At NYFA, we believe there are lots of paths to take as an artist, and a multitude of ways to think about the business of your art. Some artists support their art through a day job or through grants and fellowships, while others strive to make their creative practice self-sustainable. This particular article will focus on strategies for those artists who would like to use their art to generate income.

Business Models: What are They?

“Business model” is a common, everyday phrase, but, in spite of its widespread use, or maybe because of it, its meaning has become somewhat fuzzy.

At its most basic, a business model is a plan for generating revenue. It “answers the question, ‘How are we going to make money to survive and grow?’” (BusinessDictionary.com). A business model can be divided into two parts: first, your product and the work that goes into its production, like a sculpture and the raw materials used to create it. The second part of a business model involves identifying and building your audience, getting your art out in the world, and potentially making sales. Many artists have a business model, but it may be more of a loose idea than an explicit, detailed plan.

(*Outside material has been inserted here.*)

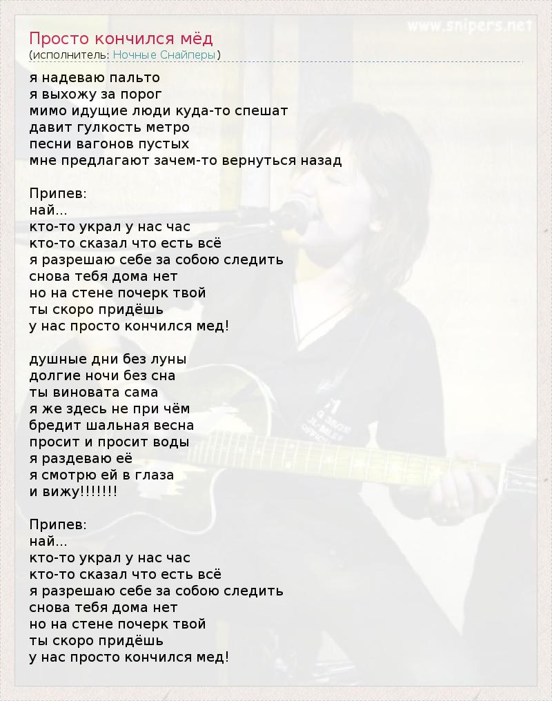 ГлавнаяИсполнителиНочные СнайперыПросто кончился мёд

Creating a business model is an exercise in storytelling. According to Joan Magretta, writing for the Harvard Business Review, business models are “at heart, stories—stories that explain how enterprises work. A good business model answers [the] age-old questions, ‘Who is the customer? And what does the customer value?’”

The artist is no stranger to storytelling. Some artists utilize the basic structure of a story—a beginning, middle, and end—as a framework for creating. Others may explore archetypal plots, like “Overcoming the Monster” or “Rags to Riches,” adapting these storylines to their own unique vision. Still others defy expectations by disrupting the traditional storyline.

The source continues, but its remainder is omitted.